Special moments in my own personal experience have enriched my life immeasurably. There was the moment when my first-born child took his first steps, and I was lucky enough to be there with him. We were both in complete awe of what had just happened, and we shared the feeling. David would have been maybe seven when I took my first steps.
My wife, Sandi, departed this life at 49 with cancer. She had expressed to me that she didn’t know if she would have the strength to go when the time came. I assured her, she would. Then, when it finally arrived, I was there for her, looking deeply into her eyes. I validated her departure with a single word. She continued looking into my eyes for whatever strength I could muster. Then she just chose to stop breathing. Leaning on my gaze, she just went away. I watched as her life force appeared to recede into the depths of her eyes. I walked that path with her until my weakness forced me to turn back toward life, itself. I remember your strength, Sandi.
David never got to know a wife or a child of his own, two of the most important joys of this life. And today I also have a grandson, ready for his senior year in high school. Many memories, indeed.
There were at least two moments when my life could have easily ended much earlier than it eventually will. The first was at the age of perhaps eight. I was standing on the entrance to a private lane, awaiting the bus to take me to school. The bus lost its right front wheel as it braked for the stop. The wheel came threateningly toward me with a sort of fierceness in its bouncing roll. Then, for no apparent reason, it veered to the right, into the ditch, striking the culvert instead of me. I was too young to fully appreciate how fortunate I was at the time.
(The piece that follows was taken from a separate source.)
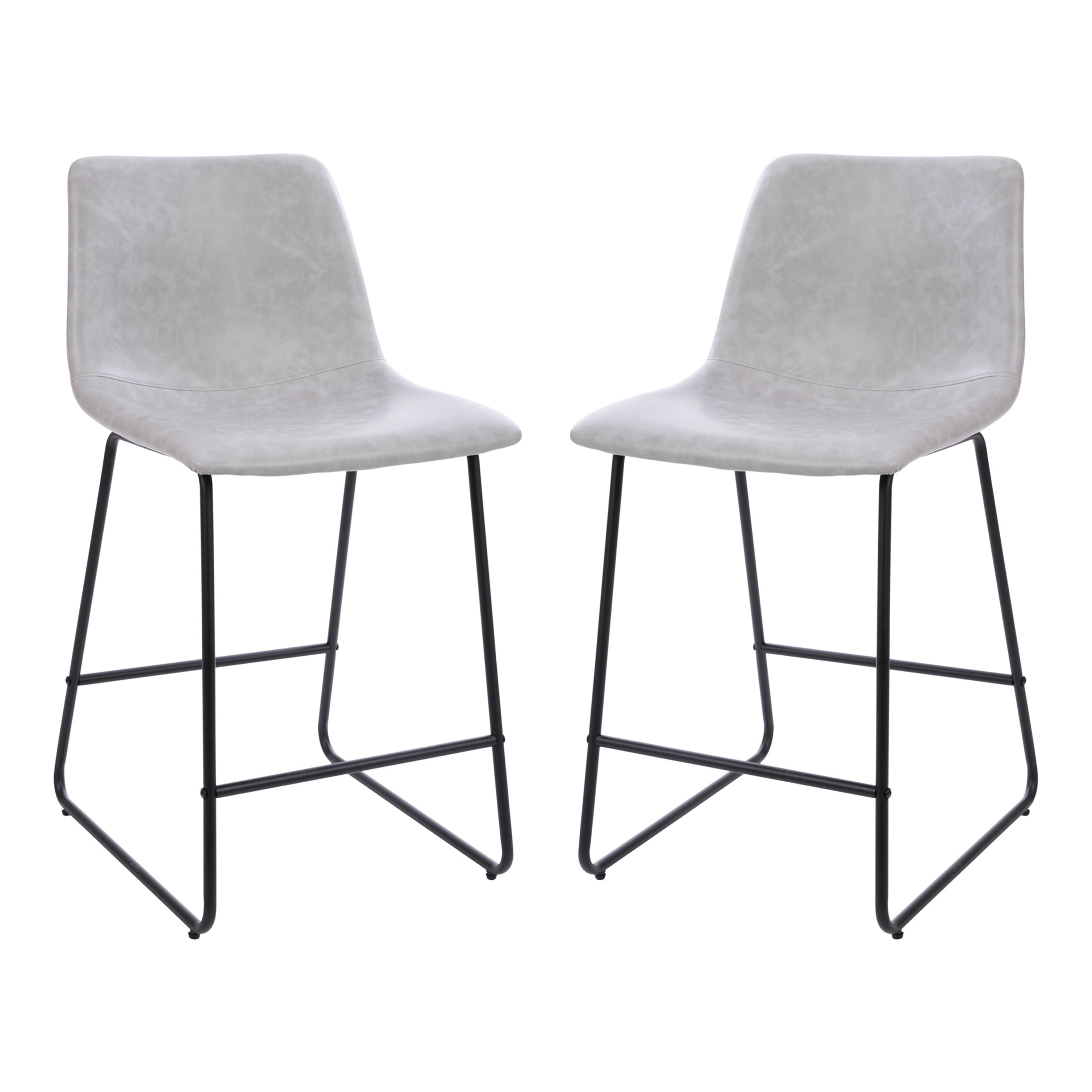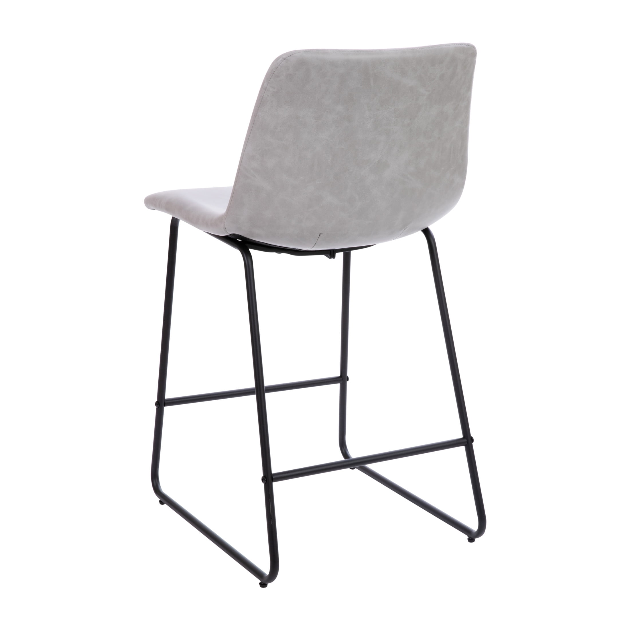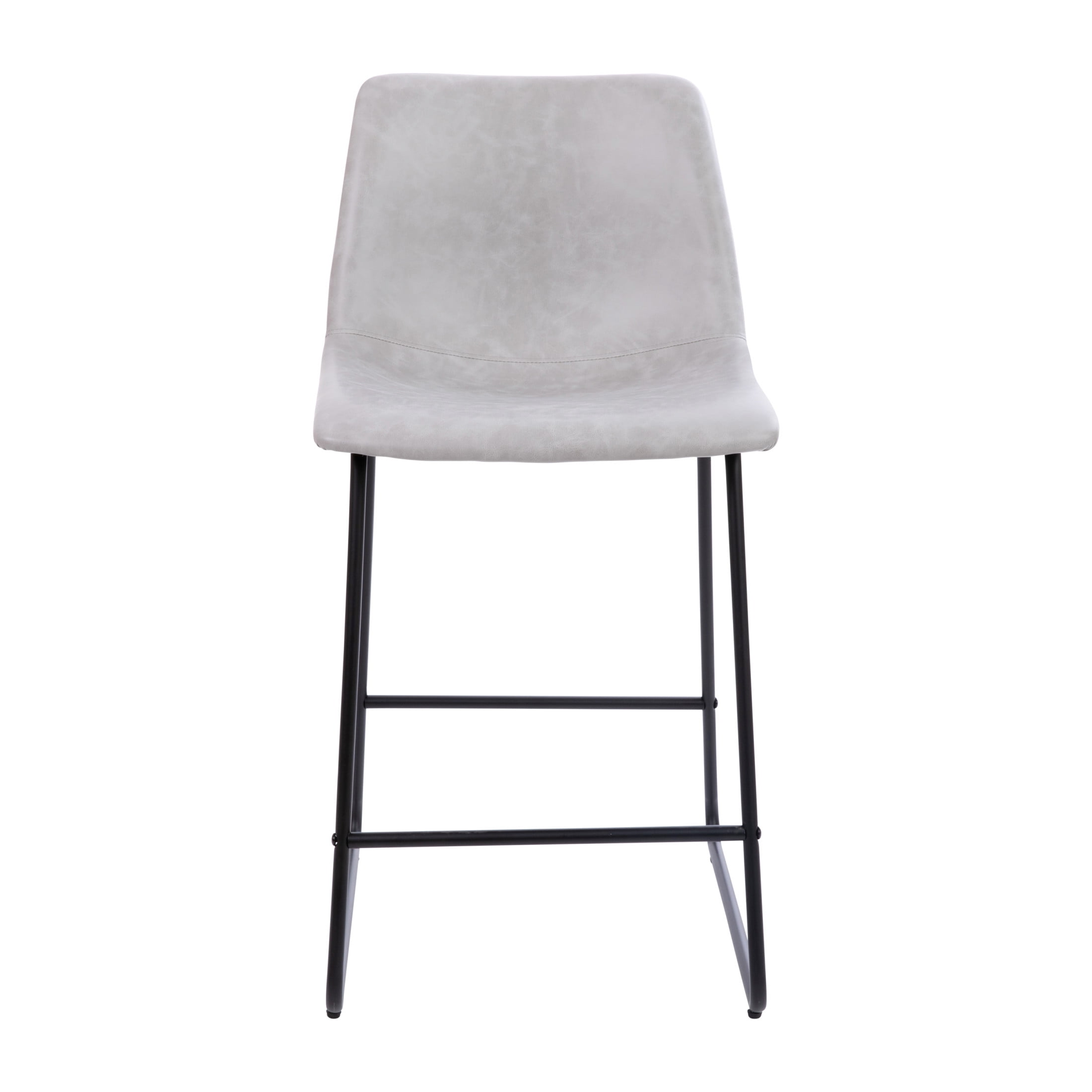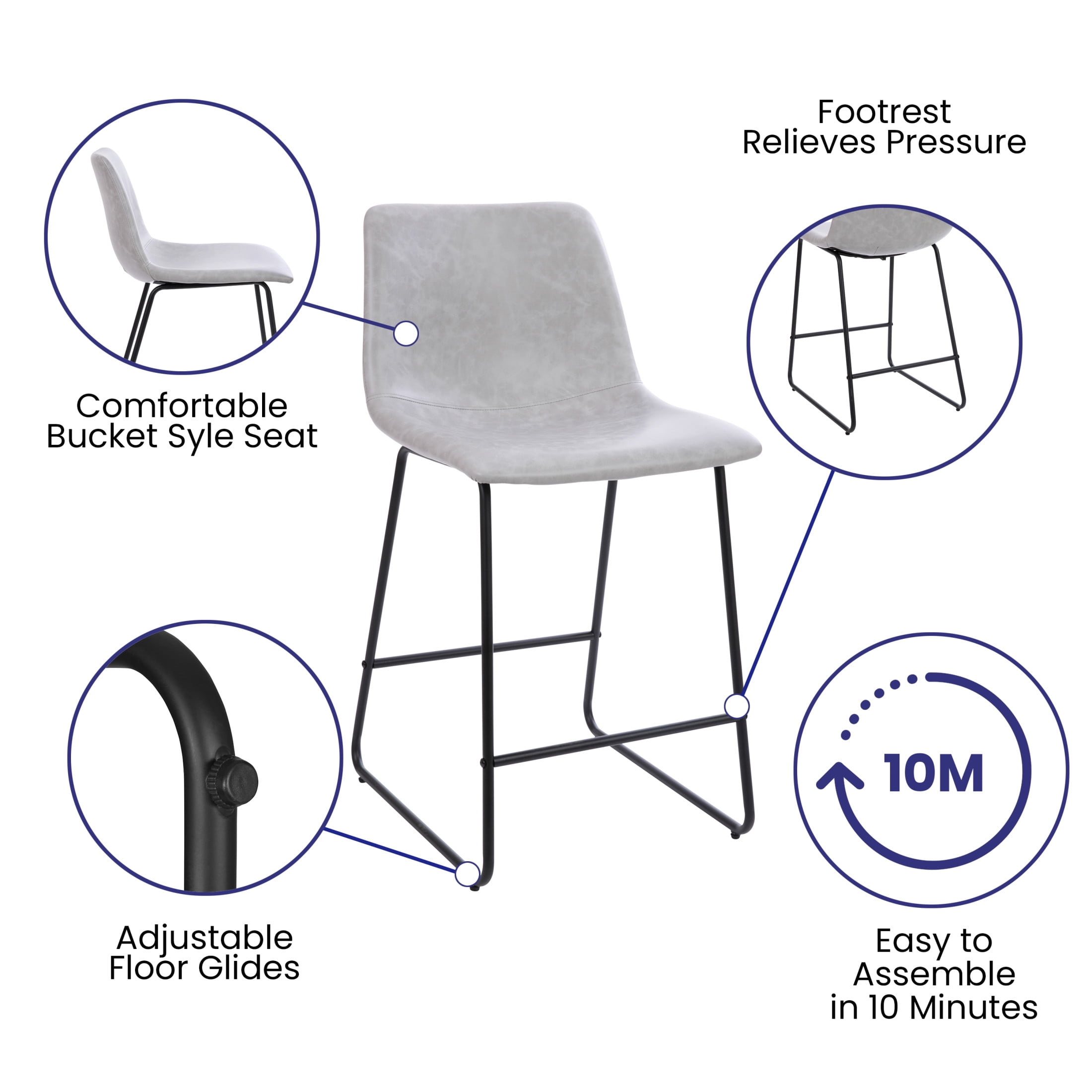 Flash Furniture Reagan 24″ LeatherSoft Counter Height Stools with Footrest, Set of 2, Light Gray Great for home bars, kitchen islands, or other residential spaces Boasts a neutral two-tone color and soft and durable LeatherSoft upholstery Contoured bucket seat is shaped to provide proper back support Footrest helps relieve pressure from your legs and supports your posture Constructed with a 1.5″ thick tubular sled base Adjustable floor glides protect flooring surfaces Easy assembly in 10 minutes or less with the included tools and illustrated instructions Overall size: 18″W x 22″D x 35.5″H; Seat size: 18″W x 16.5″D x 24″H; Back size: 17″W x 14″H COUNTER-HEIGHT: Measures 18″W x 22″D x 35.5″H with a 18″W x 16.5″D x 24″H seat size and 17″W x 14″H back size; assembles in 10 minutes or less with the included tools and illustrated instructions

Then there was the time in 1970, a half-century ago, when the Kent State massacre of college students happened while I was, myself, a college student. A day or so later when campus unrest swept the nation, my school, Southern Illinois University, told us all the school was closed, everyone go home. I instead went out after a curfew to “get the photo of a lifetime.” I found a place where a moving phalanx of police in riot gear approached up a deserted downtown street. I snapped the shutter as a tear gas canister struck the steel mailbox on the corner. It struck with considerable force, just behind my right ear. He might actually have been shooting it at me, not the mailbox. Or maybe he just hoped he would miss me and hit the mailbox. I will never know. Either way, I got pretty lucky that day. Neil Young’s song about “four dead in Ohio,” could have had a version that added, “and one more in Illinois.” David was not lucky enough to have lived through any of these remarkable experiences.
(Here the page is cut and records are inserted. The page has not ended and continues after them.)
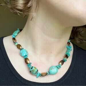 Vintage 925 Sterling Silver Chunky Genuine Turquoise and Bronze Bead Necklace C3
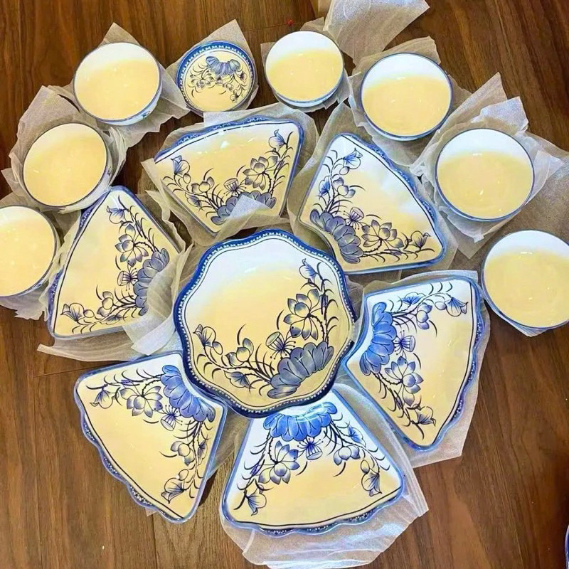 [Bát Tràng siêu rẻ ]7 món Sen +khay . Bộ bát đĩa hoa mặt trời sứ món sen mới cao cấp bát tràng chuẩn đẹp như hình 48cm
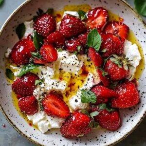 - Toss strawberries with honey, olive oil, salt, and optional balsamic.
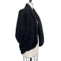 Black Faux Shearling Cocoon Open Sweater Jacket
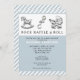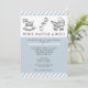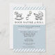 Classy and creative baby shower invites featuring silver charms and funny line.

Only the unlucky die young. This is sad, but unfortunately true. We want to give to those around people dying young, some measure of reassurance, some value to be appreciated, so that the grief becomes more bearable. It is not entirely a fool’s errand. Feelings do matter. But as I await the Grim Reaper, I know that I have been the lucky one, to get to be the old man. Perhaps the brother that I never knew has given me the contrast to fully appreciate my good fortune. Unlike the results for David Eugene Cooper, or for Shelley Duval or Richard Simmons, the clock still ticks for me. And I can still hold out hope that the memories somehow come along for the ride when the ticking stops.